More and more advertisers wanting to use influencers to pitch their goods and services to millennials, and increasingly, publishers from Refinery29 to Hearst are happy to oblige, offering advertisers direct access to these social media stars.
Refinery29 offers advertisers access to a hand-picked group of influencers across various social networks. Bustle also has tapped into influencers for brands. Legacy publishers have joined the parade, too. Hearst began working with digital video company Reelio in December to pair fashion influencers with its glossy magazine brands. In March, The New York Times acquired HelloSociety, a digital marketing agency, to augment its branded content arm; while Time Inc. partnered with YouTube fashion network StyleHaul.
For advertisers, influencers can offer an alternative to intrusive ads and a way to extend their reach beyond a publisher’s audience. They can go to any number of YouTube networks for star power, but in theory, publishers have the benefit of having established brands and relationships with social media celebrities.
In practice, though, and perhaps because they’re relatively new at it, publishers often have a hard time executing influencer programs, agencies say.
“They have the foundation in place from a reader perspective that’s needed; if I trust The New York Times, if there’s a new content program I’m more likely to take a look at it, and I trust the quality control is there,” said Mike McLaughlin, managing director of digital, West Coast, at Mindshare. “But they don’t have the established structure that the [multi-channel networks] have.

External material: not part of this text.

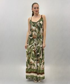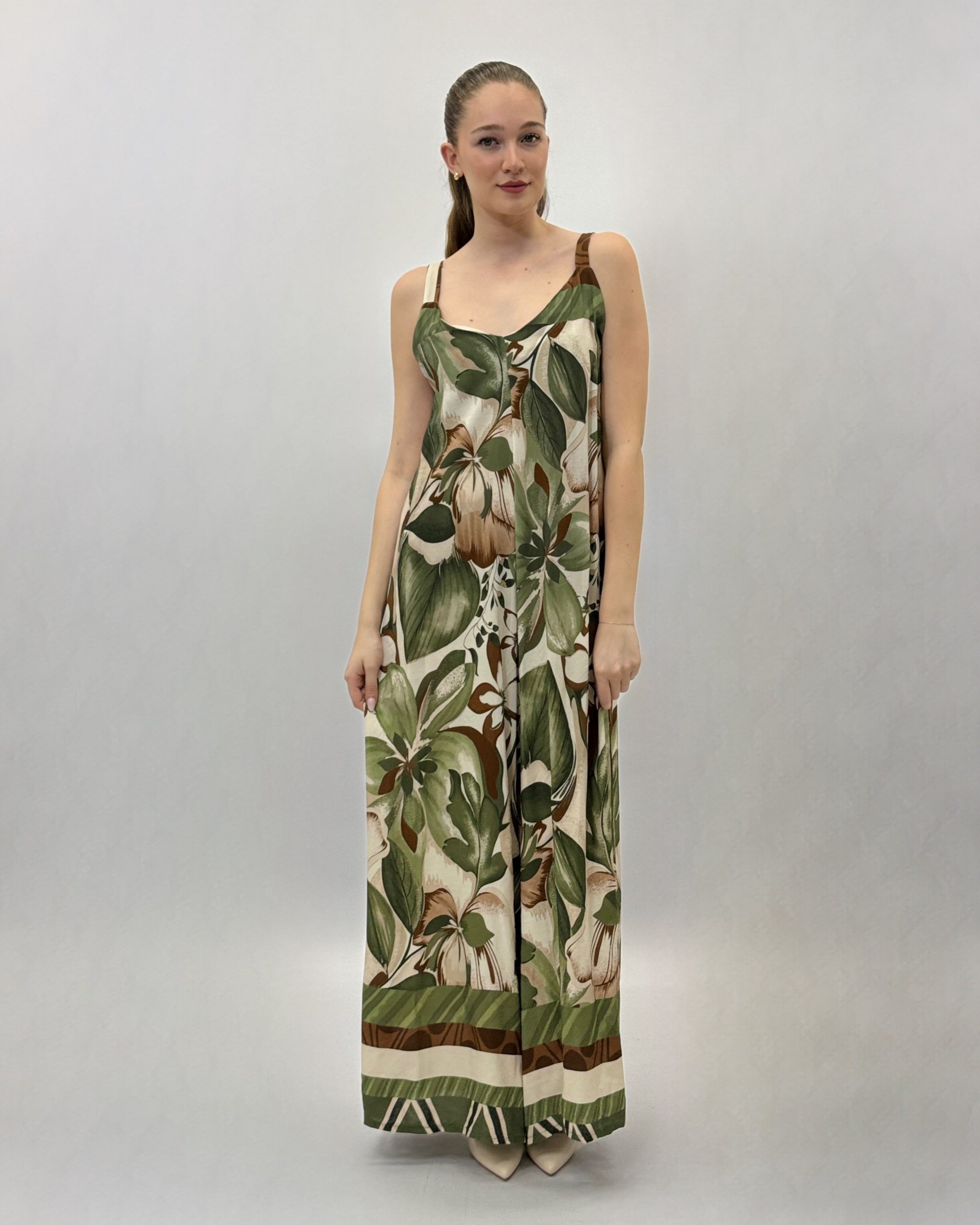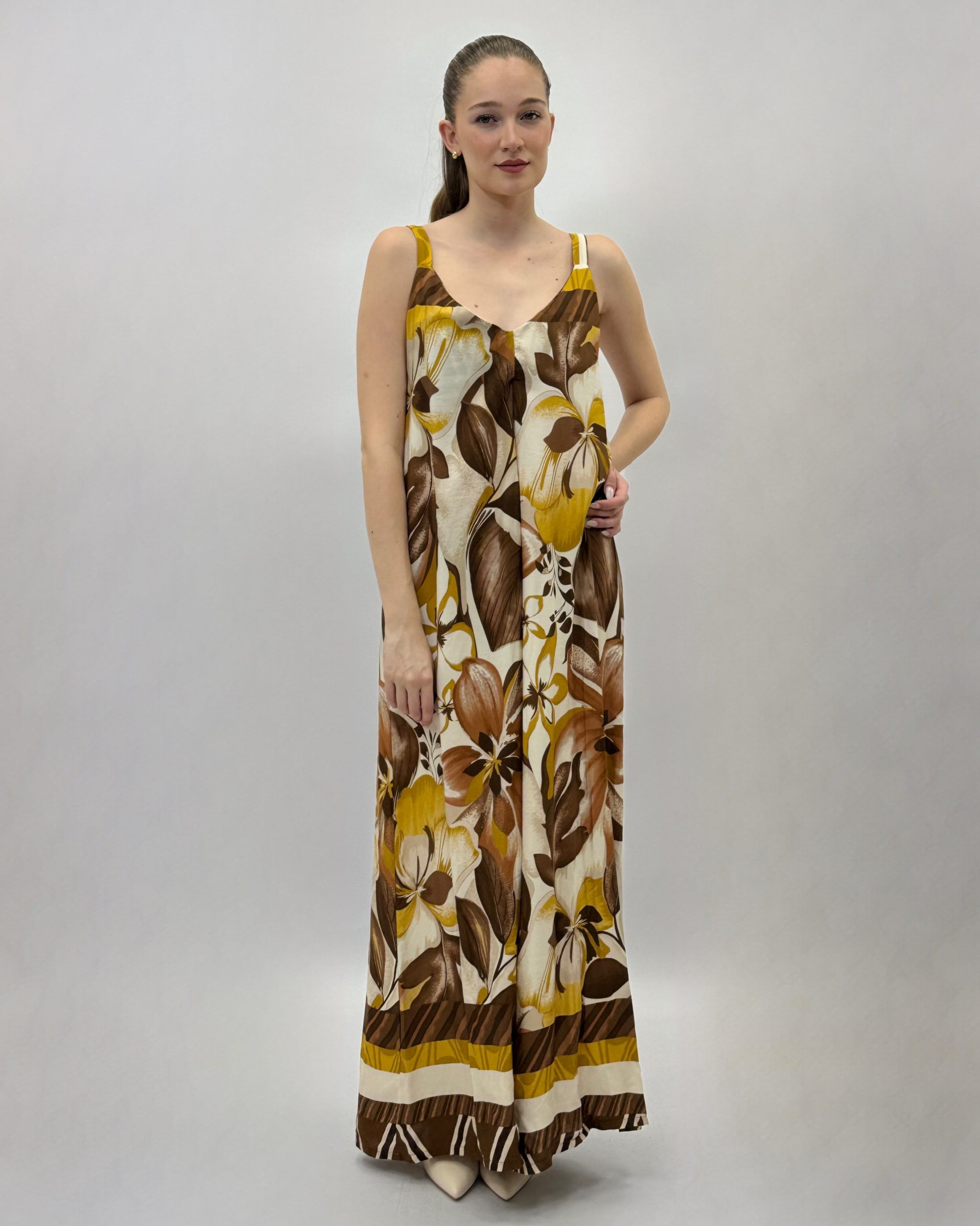 Abito lungo con spalline e fantasia floreale.

It’s hard to say if they can compete from a scale and backend perspective.”
In some cases, publishers’ use of bloggers feels generic and has a whiff of just serving to inflate a campaign’s performance numbers, agencies say.
Monique Lemus, group director at The Media Kitchen, said while some publishers take time to make sure the influencer marketing represents the brand well, others have fallen short. With one publisher, she said, it had hundreds of influencers promote an article, and while there were some people who clicked through it, the agency didn’t see a ton of engagement.
“The publisher will tack on 20 or 30 influencers including a link in a piece of content in a Facebook post and that’s that,” she said. “It’s just like another add-on. There’s no actual discussion with the influencer about the tone you want to use; it’s very much like copy-and-paste.”
Sometimes the publisher will throw in the influencer marketing piece for free to boost a campaign’s reach. In that case, the agency may have lower performance expectations. But even then, agencies want to know that the influencers have been chosen for the right reasons. Publishers tend to choose people who have a large reach when engagement may be the more important metric to the client, Lemus said.
Horizon Media is a believer in influencer marketing, having created a division at the agency devoted to it. However, it’s seen publishers throwing an influencer component into a campaign and claiming they were going “above and beyond” for the client, said Maikel O’Hanlon, vp of social media strategy at Horizon.
“We see certain publishers treating influencer alliances as another way to generate traffic in a way they used to use paid mechanisms [like] Outbrain and Taboola,” he said.
Some publishers say they go to lengths to choose influencers carefully. “Often, influencers are selected with very little consideration of affinity with the publishing brand and it’s entirely focused on the advertiser’s brand,” said Kai Hsing, svp of marketing at Bustle. “We’re obviously trying to steer away from that.” The Times’ HelloSociety tries to get to know the influencers on a personal level to help determine if things happening in their lives align with certain campaigns. “For instance, if an influencer is about to have a baby, she’d be an especially good fit for a campaign targeting new moms,” said Kyla Brennan, HelloSociety’s founder and CEO.
Of course, the pitfalls of working with social media stars isn’t just a publisher issue; influencer marketing is fraught with measurement concerns, getting influencers to create content that aligns with the brand’s goals and rising prices. Working with influencers requires a lot of hand-holding — entailing more work than some publishers might be prepared for.
The vetting process is key, agreed Howard Mittman, publisher and chief revenue officer at GQ, which works with a pool of 6,500 influencers, a small segment of which it uses to promote brands. “You must curate your network by looking at more than just the total audience they can deliver,” he said. “You must work to find contributors whose ideals reflect the broad values of your organization and you need to manage and maintain relationships with them as you would your staff.”